Records shown:
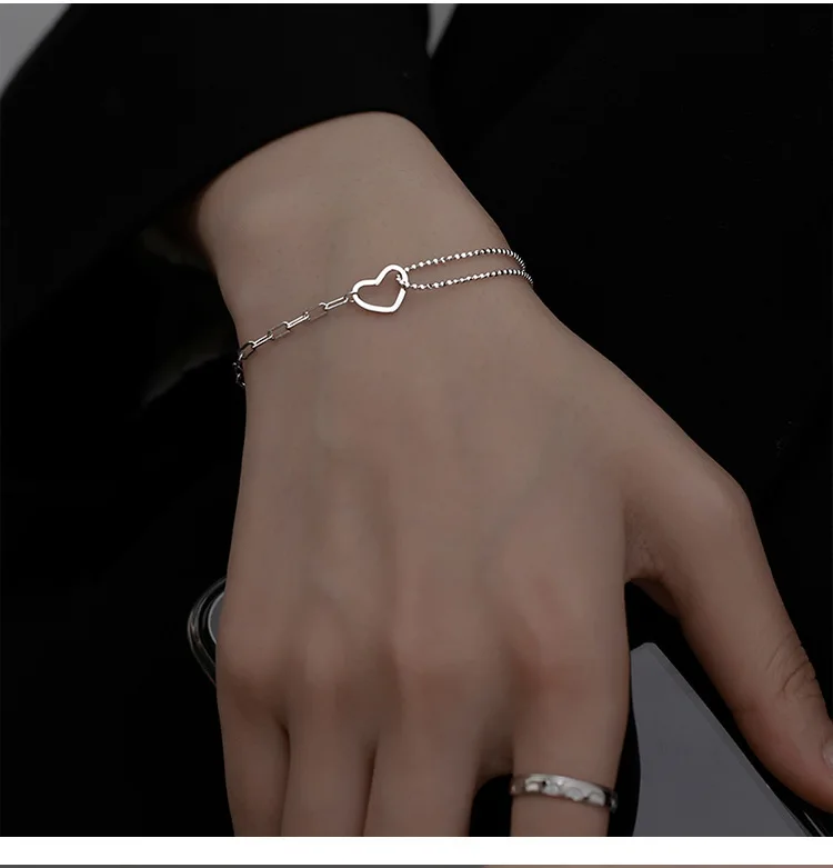 Fashion Jewelry 925 Silver Two-layers Chain Bracelet Women Luxury 925 Sterling Silver Versatile Bracelet
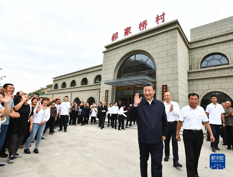 2021年9月13日至14日,中共中央總書記、國家主席、中央軍委主席習(xí)近平在陜西省榆林市考察。這是14日下午,習(xí)近平在綏德縣張家砭鎮(zhèn)郝家橋村考察時(shí),向鄉(xiāng)親們揮手致意。新華社記者 謝環(huán)馳攝
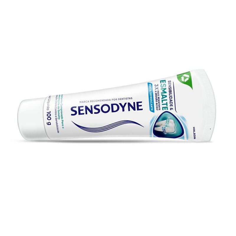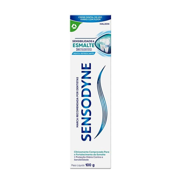 Creme Dental Sensodyne Sensibilidade & Esmalte Menta Refrescante 100g Proteja seu sorriso com o Creme Dental Sensodyne Sensibilidade & Esmalte Menta Refrescante 100g! Desenvolvido especialmente para fortalecer o esmalte e aliviar a sensibilidade dental, este creme dental proporciona proteção completa enquanto oferece um frescor duradouro de menta. Características Principais Fortalecimento do Esmalte: Sua fórmula avançada ajuda a fortalecer o esmalte, prevenindo o desgaste ácido e garantindo dentes mais resistentes. Alívio da Sensibilidade: Proporciona alívio eficaz e duradouro da sensibilidade, permitindo que você desfrute de alimentos e bebidas quentes ou frias sem desconforto. Sabor de Menta Refrescante: Deixa a boca com uma sensação agradável de frescor que dura por horas após cada escovação. Proteção Contra Cáries: Contém flúor, que protege os dentes contra cáries e mantém a saúde bucal equilibrada. Uso Diário: Ideal para o uso diário, proporcionando proteção contínua ao esmalte e alívio da sensibilidade. Diferenciais Combate à Sensibilidade e Fortalecimento do Esmalte: A combinação perfeita para quem sofre de sensibilidade e deseja proteger o esmalte contra o desgaste ácido. Fórmula de Alta Eficácia: Sensodyne é uma marca de referência no cuidado com dentes sensíveis, conhecida pela qualidade e inovação de suas fórmulas. Frescor Prolongado: O sabor de menta refrescante proporciona uma sensação agradável e duradoura de limpeza e frescor. Precauções de Uso Uso Regular: Escove os dentes ao menos duas vezes ao dia ou conforme orientação do dentista. Cuidado com Crianças: Para crianças menores de 12 anos, recomenda-se a supervisão de um adulto para evitar a ingestão acidental do creme dental.
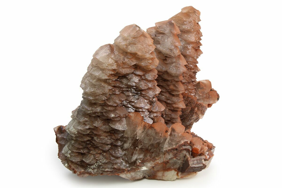 This is an absolutely stunning 10" wide cluster of hematite-included, “pagoda-style” calcite crystals, formed as a later generation over large, hematite-encrusted dogtooth (scalenohedral) calcite. The layered growth and rich hematite presence create striking contrast and depth throughout the specimen. Collected from the Fengjiashan Mine, Hubei Province, China, this piece beautifully showcases the complex paragenesis and classic aesthetics for which the locality is renowned.
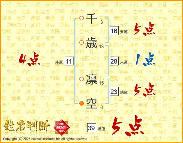 千歳凛空さんの総運は39画の5点!
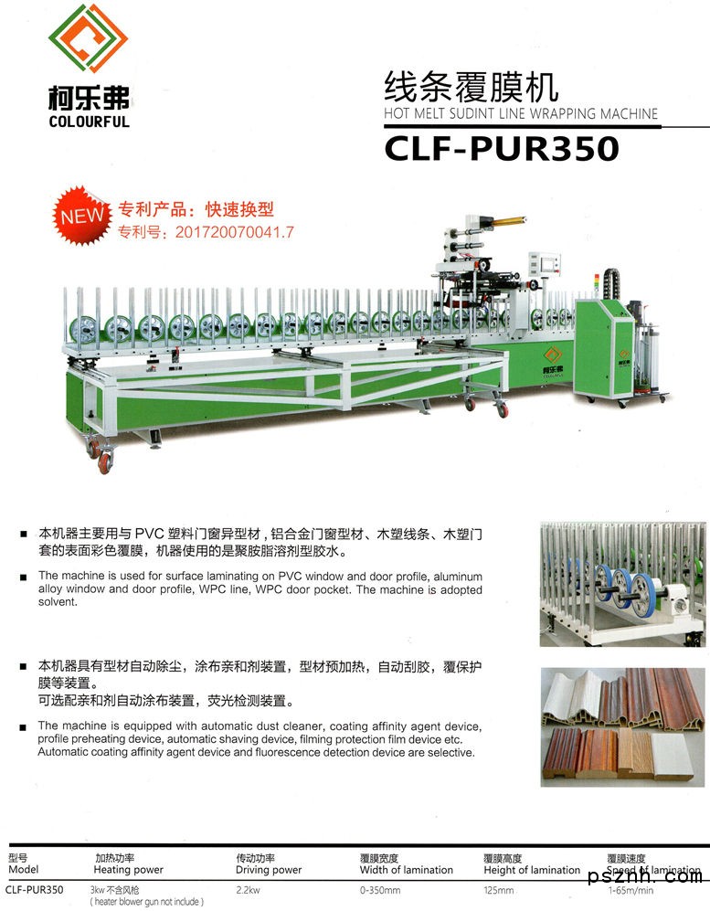 青島柯樂弗機械有限公司是集研發設計、生產制造、經營銷售和出口貿易于一體的多元化公司;公司主要致力于建材表面處理設備的研發與銷售;公司初創團隊都是在行業內從業多年、經驗豐富的中堅力量;本公司主要產品包括冷膠包覆機(型材覆膜機)、高速PUR熱膠包覆機(覆膜機)、PUR平貼機等貼面設備;線條轉印機、板材轉印機、封邊轉印機等轉印設備;可以處理實木,PVC,鋁合金,不銹鋼,木塑等各種材質的異型材,板材和片材,被廣泛應用于家具、門業、門窗、家電、汽車等行業。
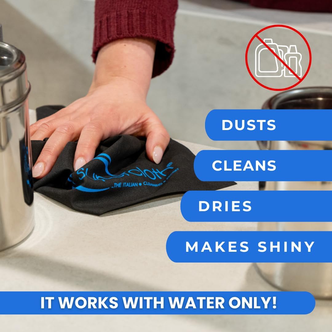Supercloth® Premium Microfiber Cleaning Cloth for All-Purpose, Lasts Over 5 YEARS, Glasses Cleaning Cloth, Microfiber Cleaning Cloth for Cars, Magic Reusable Cloth Streak-Free 100% Made in Italy (2pk)

About this exercise: The line with "2021年9月13日至14日" marks the end: restate word for word every line from the top of the data through that one, omitting pictures.

Your response:
 Fashion Jewelry 925 Silver Two-layers Chain Bracelet Women Luxury 925 Sterling Silver Versatile Bracelet
 2021年9月13日至14日,中共中央總書記、國家主席、中央軍委主席習(xí)近平在陜西省榆林市考察。這是14日下午,習(xí)近平在綏德縣張家砭鎮(zhèn)郝家橋村考察時(shí),向鄉(xiāng)親們揮手致意。新華社記者 謝環(huán)馳攝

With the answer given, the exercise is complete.